It is often stated that health and happiness are closely linked. Quantifiable evidence to that effect is however hard to come by.  One of many reasons for this that happiness is an ambiguous concept -- easy to recognize in oneself but often harder to detect, much less measure, in others.  Yet, if there was ever an opportune time to make a reasonable attempt at quantifying happiness in the population, it is now.  The rapid worldwide adoption of social media platforms in recent years has tremendously increased the amount, spontaneity and frequency of human communication.   Twitter usage alone grew six orders of magnitude from 5,000 tweets per day in 2007 to 500,000,000 tweets per day in 2013 http://www.internetlivestats.com/twitter-statistics/. And because the data is recorded electronically, it has another very attractive advantage over verbal communication for a data scientist - persistence.  It is remains available to be parsed and analyzed as new analysis methods and expertise become available long after the data was generated.  Studies have shown that self-disclosure in online communication is more frequent and revealing than in face-to-face communication presumably due to anonymity and physical distance https://en.wikipedia.org/wiki/Self-disclosure.  Together, all these factors translate into the availability of huge volumes of data to work with in trying to gauge a phenomenon as nebulous as happiness.  A number of researchers have taken advantag of these characteristics of mordern online communication and attempted to measure happiness using twitter data, for example http://hedonometer.org/index.html. We therefore leveraged the experiences published by other researches to inform our approach on how go about this project. Being able to reliably measure happiness opens the door to trying to find out what the determinants of happiness in the human population are. In particular we were interested in investigate whether public health outcomes released in various government and non-profit orgabnization reports have any relationship with happiness as measured on twitter.   

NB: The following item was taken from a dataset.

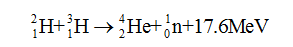 由于原子核间有很强的静电排斥力,只有在一亿摄氏度的超高温下,轻核才有足够的能量克服阻力发生聚变,因此超高温是发生核聚变所必需的外部条件,所以核聚变又称为热核反应。原子核的静电斥力与其所带的电荷成正比,因此原子序数越小、质子数越少的轻核聚变所需的动能(温度)就越低。所以只有一些较轻的原子核(例如氢、氘、氚、氦、锂等)才容易发生核聚变。最常见的核聚变反应是氘、氚反应生成氦和中子,同时释放出能量的过程,用反应式表示如下:
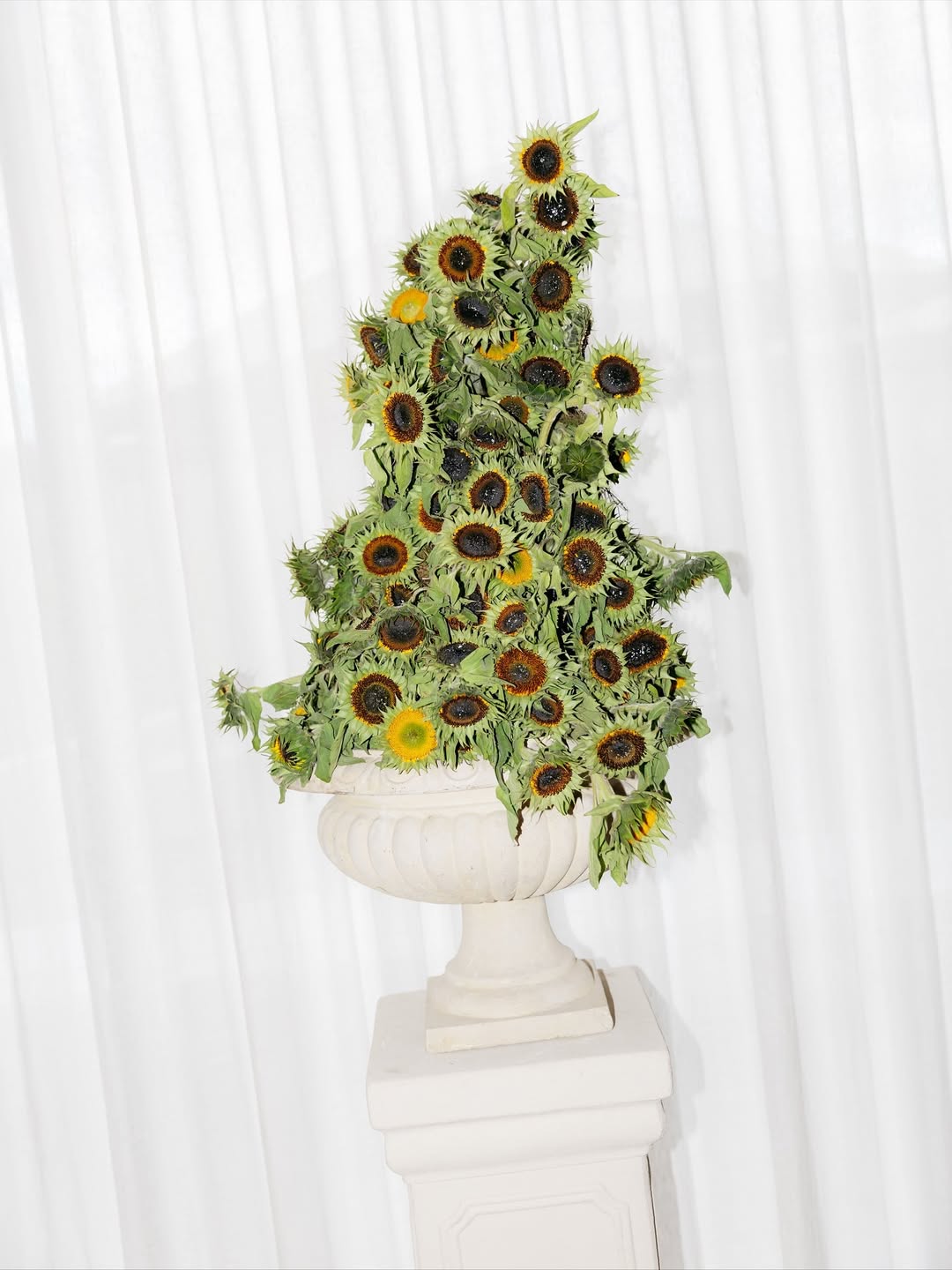 Forget rustic barns and mason jars—sunflowers in 2025 are taking on an architectural edge. Picture a towering arrangement in a white urn, almost sculptural in its design, where each bloom becomes part of a dramatic installation. The effect is bold, playful, and modern, with the sunny flower completely redefined as a luxury element.

See our project homepage [here](http://hackersforhumanhealth.me).


###QUESTION
------

The main question we wanted to answer is: Do happier people generally experience better health and do healthier people experience more happiness?    To do this, we assumed that happiness as expressed in twitter communication is a surrogate for genuine happiness in the human population.  That of course is a big assumption but we felt that it is as good a starting point as you can get for investigating this very challenging problem.  Our first task was to obtain twitter data.  
Since we wanted to learn how to harvest and process twitter data, we wrote a python script to do just that: <link to script>.  As a backup, we also were very fortunate to have access to a dataset of 3.5 million tweets generously provided by Sébastien Gruhier of http://onemilliontweetmap.com/ , to whom we are very grateful. Due to twitter policy, we are unable to provide a public link to this data set.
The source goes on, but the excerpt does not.